I'm trying to find out if there is any way to get an idea of the CPU frequency of the system my C code is running on.
To clarify, I'm looking for an abstract solution (one that will not be tied to a specific architecture or operating system), which can give me an idea of the operating frequency of the computer that my code is executing on. I don't need to be exact, but I'd like to be in the ball park (i.e., I have a 2.2 GHz processor, and I'd like to be able to tell in my program that I'm within a few hundred MHz of that).
How can I use standard C code?
How you find the CPU frequency is both architecture and OS dependent, and there is no abstract solution.
If we were 20+ years ago and you were using an OS without any context switching and the CPU executed the instructions given it in order, you could write some C code in a loop and time it, and then, based on the assembly it was compiled into, compute the number of instructions at runtime.
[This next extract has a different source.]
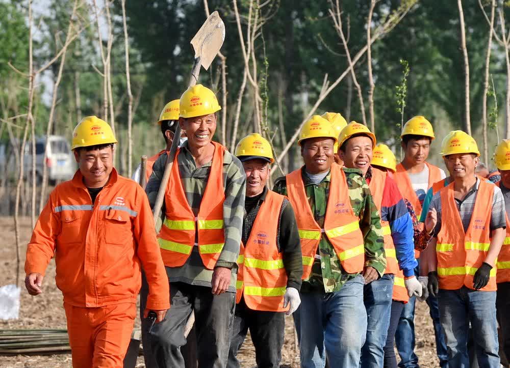 在「千年秀林」施工現場,數以千計的植樹工人們,用杴鎬的叮叮噹噹,譜寫出造林的交響曲。曾在黃土裏摸爬滾打的當地農民成為造林的主力軍,為「雄安綠、新區藍」添枝加葉。一鍬一鏟,一俯一仰,秀林建設者以朴實的方式,表達着對新區的憧憬、對未來的嚮往。

This is already making the assumption that each instruction takes 1 clock cycle, which is a rather poor assumption ever since pipelined processors.
But any modern OS will switch between multiple processes. Even then you can attempt to time a bunch of identical for
loop runs (ignoring time needed for page faults and multiple other reasons why your processor might stall) and get a median value.
And even if the previous solution works, you have multi-issue processors. With any modern processor, it's fair game to reorder your instructions, issue a bunch of them in the same clock cycle, or even split them across cores.